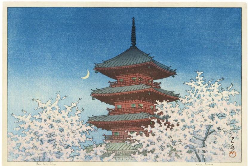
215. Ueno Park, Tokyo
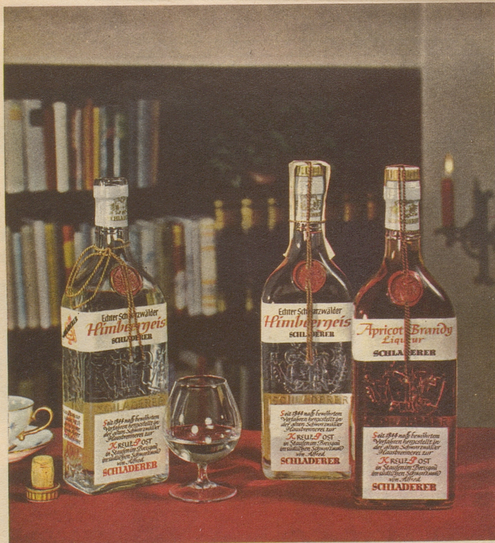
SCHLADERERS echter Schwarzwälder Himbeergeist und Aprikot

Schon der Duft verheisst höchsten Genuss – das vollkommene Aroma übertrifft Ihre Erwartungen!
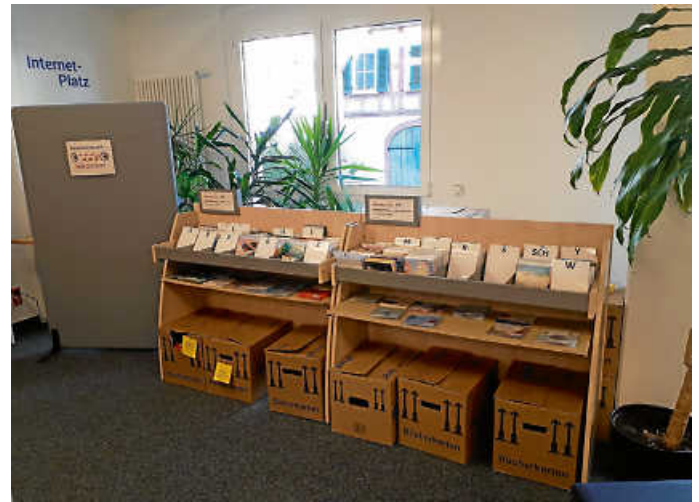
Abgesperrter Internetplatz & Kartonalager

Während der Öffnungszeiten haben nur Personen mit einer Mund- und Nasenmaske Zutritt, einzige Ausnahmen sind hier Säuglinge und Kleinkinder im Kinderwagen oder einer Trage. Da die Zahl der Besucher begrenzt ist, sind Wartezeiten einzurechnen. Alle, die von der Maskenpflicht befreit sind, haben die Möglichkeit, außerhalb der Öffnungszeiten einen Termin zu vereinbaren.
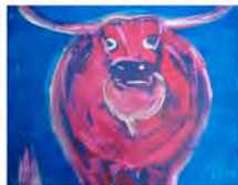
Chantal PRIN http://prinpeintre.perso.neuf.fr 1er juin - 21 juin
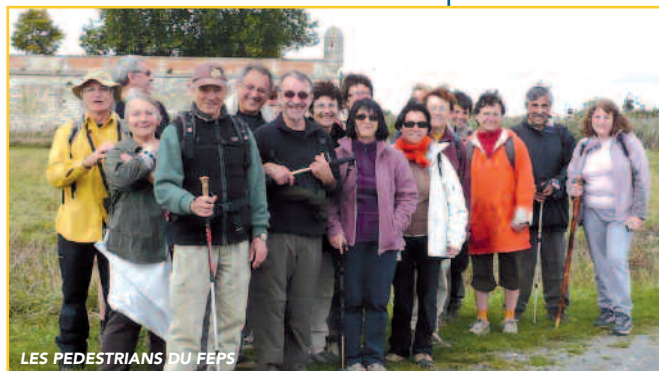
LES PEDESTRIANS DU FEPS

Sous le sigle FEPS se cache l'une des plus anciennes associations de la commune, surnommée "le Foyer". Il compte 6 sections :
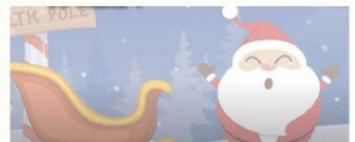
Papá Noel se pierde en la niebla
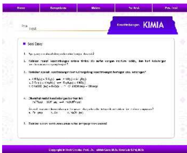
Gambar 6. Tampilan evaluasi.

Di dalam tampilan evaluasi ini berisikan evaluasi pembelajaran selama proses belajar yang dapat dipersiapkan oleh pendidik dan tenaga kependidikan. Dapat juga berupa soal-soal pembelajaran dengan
==
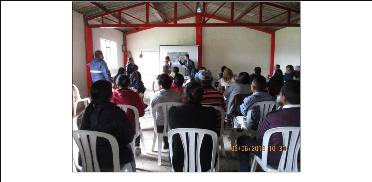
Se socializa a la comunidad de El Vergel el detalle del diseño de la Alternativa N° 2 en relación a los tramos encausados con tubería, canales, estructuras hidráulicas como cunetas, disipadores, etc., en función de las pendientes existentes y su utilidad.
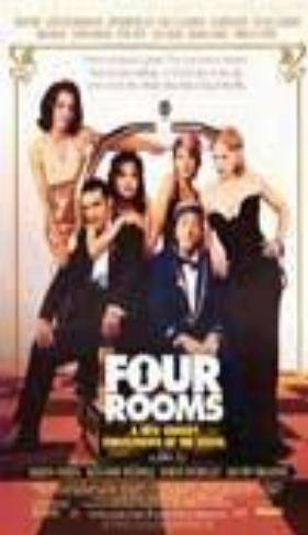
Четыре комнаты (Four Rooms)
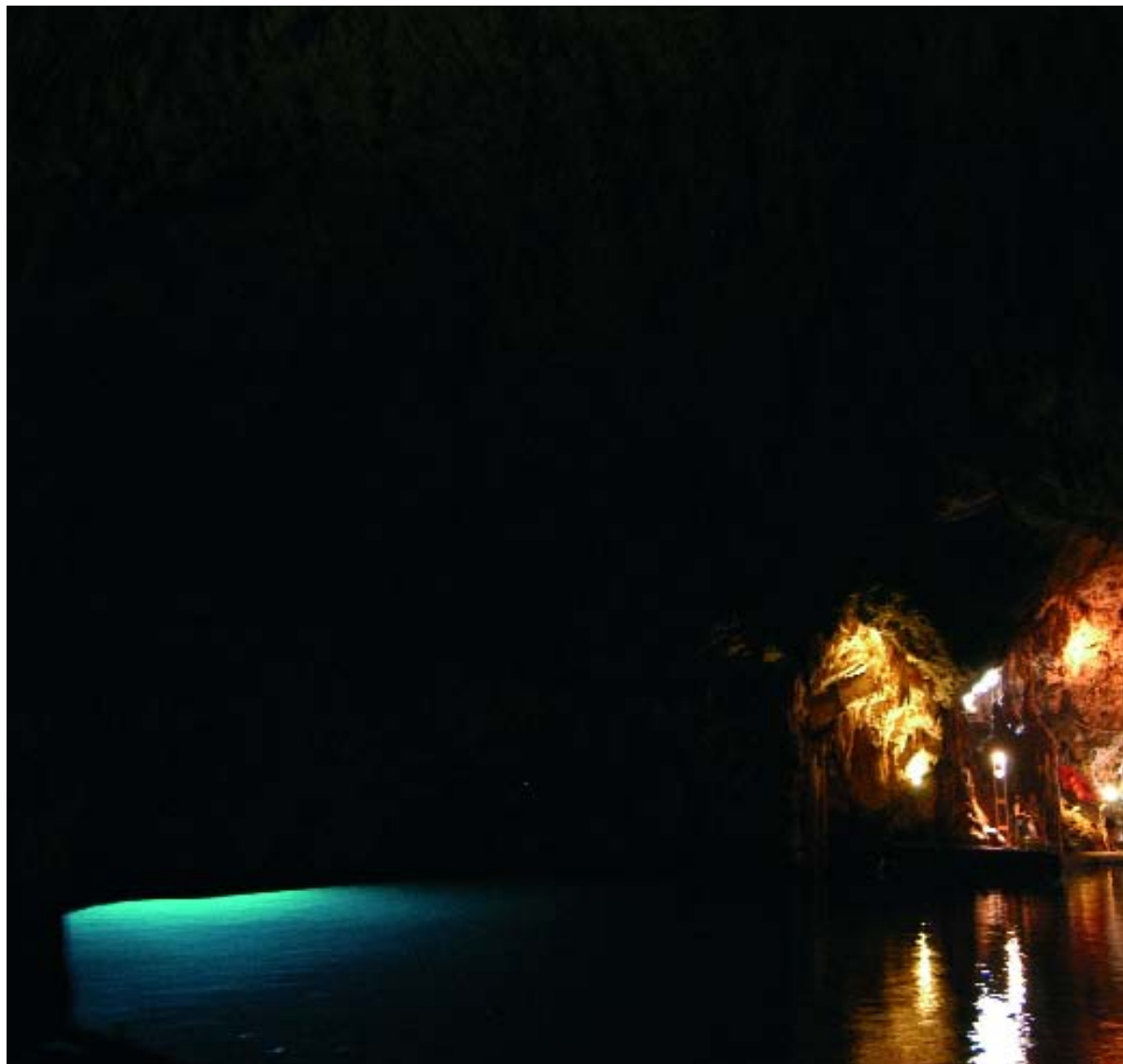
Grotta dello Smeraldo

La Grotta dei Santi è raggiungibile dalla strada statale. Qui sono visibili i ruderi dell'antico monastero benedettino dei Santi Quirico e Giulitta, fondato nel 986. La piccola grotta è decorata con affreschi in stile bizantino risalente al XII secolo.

=== What the task requires ===
Every line that holds the word "Grotta" should be copied from the records.

=== Answer for the task ===
Grotta dello Smeraldo
La Grotta dei Santi è raggiungibile dalla strada statale. Qui sono visibili i ruderi dell'antico monastero benedettino dei Santi Quirico e Giulitta, fondato nel 986. La piccola grotta è decorata con affreschi in stile bizantino risalente al XII secolo.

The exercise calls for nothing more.